No, she had no fucking interest. Everyone wants to be loved. We all want it, from the street bum who spends the night on benches to the holder of a huge fortune. And no one wants to do the loving himself. True, there is love in me, a useless love for a woman who does not need me, for Elena. But, frankly speaking, I sometimes have a suspicion even about myself. Were I not now a destitute man on welfare – suppose a wealthy lover were to show up tomorrow, a man or woman who would suddenly fall in love with me – in my new situation of love and wealth I might forget Elena. Not all at once, gentlemen, but gradually, might I not forget? But I have had no chance to test my suspicions, and never will have. Fate offers only one solution.
Sometimes Roseanne was rather sweet. When she looked at herself in the mirror, trying on a dress, she was always free of grimaces. Nearly all the rest of the time there was a nervous grimace present on her face, a kind of tic. It made her simply ugly. I have already said that I loved sitting in her living room at the table by the long glass wall, all the windows of the hallway and living room looked out on the Hudson River; I loved to sit and be silent. Darkness came on, and a little breeze blew on my face, and the lights burned in New Jersey on the other shore, and my heart felt so strange in my utter loneliness, and although Roseanne would say something sometimes about what good friends we were and how nice it was that we were friends, or she would complain, why had I forgotten that I was her friend… I heard little of it and looked at the water and was intimate with the breeze.

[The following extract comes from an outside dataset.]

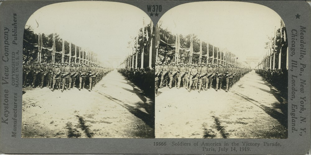 Image Id: 2156 Contributor: The Jordan/Ference Collection Theatre: Post-War Subject: Parades Location: Paris, France Regiment: Unknown Service Arm: Infantry Battle: Victory Parade Date: July 14th 1919 Combatants: American Publisher: Keystone View Co Source: American Directory: 19351-19599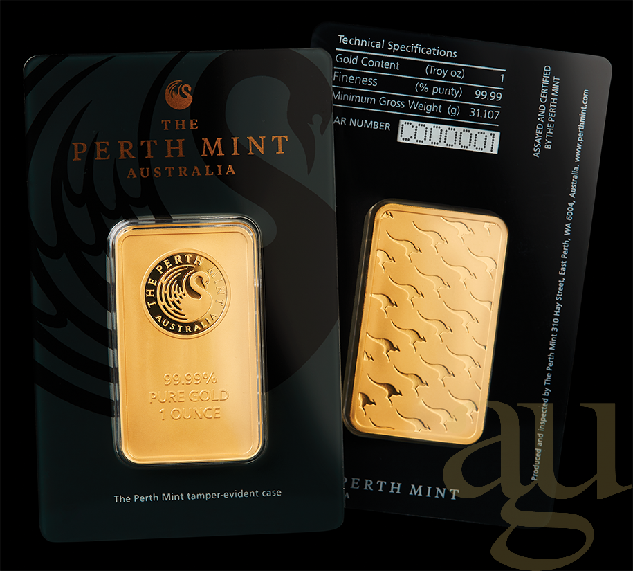 Die Perth Mint ist die älteste Münzprägeanstalt in Australien. Im Jahr 1896 wurde Sie von Sir John Forrest in der Stadt Perth gegründet. Die Betriebsaufnahme erfolgte im Jahr 1899 als eine Niederlassung der Royal Mint aus London. Goldmünzen, Silbermünzen, Platinmünzen sowie Palladiummünzen von der Perth Mint sind sehr beliebt, da diese in einer sehr hohen Prägequalität und überwiegend in einer schönen Plastikkapsel ausgeliefert werden. Alle Goldbarren zur Kapitalanlage mit Motiv "Känguru" auf der Rückseite werden in einer hochwertigen Blisterverpackung ausgegeben. Seit Ende 2015 wurde die Farbe der Blisterkarten von Grün auf Schwarz umgestellt. Angaben zum Feingoldgehalt, Gewicht und Seriennummer sind auf der ansprechenden Rückseite der Verpackung zu finden. Anders wie bei Heraeus Goldbarren wird die Seriennummer nicht direkt auf den Barren geprägt. Laut Herstellerangabe handelt es sich bei den Abmessungen um maximale Werte.

Ten days or so after the Fourth of July I fucked her again, this time with greater success, but also, as it were, in shame that I wasn't justifying her hopes, wasn't fucking her. In the line of duty, so to speak. I fucked her, and naturally went on lying in her bed; she was sleepy from her medicines but was still tossing and turning.
Suddenly I remembered a story of Slava-David's, about a certain New York girl who had hysterically chased him out after passionate lovemaking, because, you see, she couldn't sleep with men, wasn't used to it. Love is love, but sleep must be sterile, deep, calm.
Remembering this, and respecting the freedom of the individual – I was not, after all, in the USSR – I asked sleepy, tossing Roseanne if she wouldn't like to be left alone; even though it was late I wouldn't mind going home. My ulterior motive was to escape from the morning, from her jumping up at six o'clock and the whole hysterical morning environment.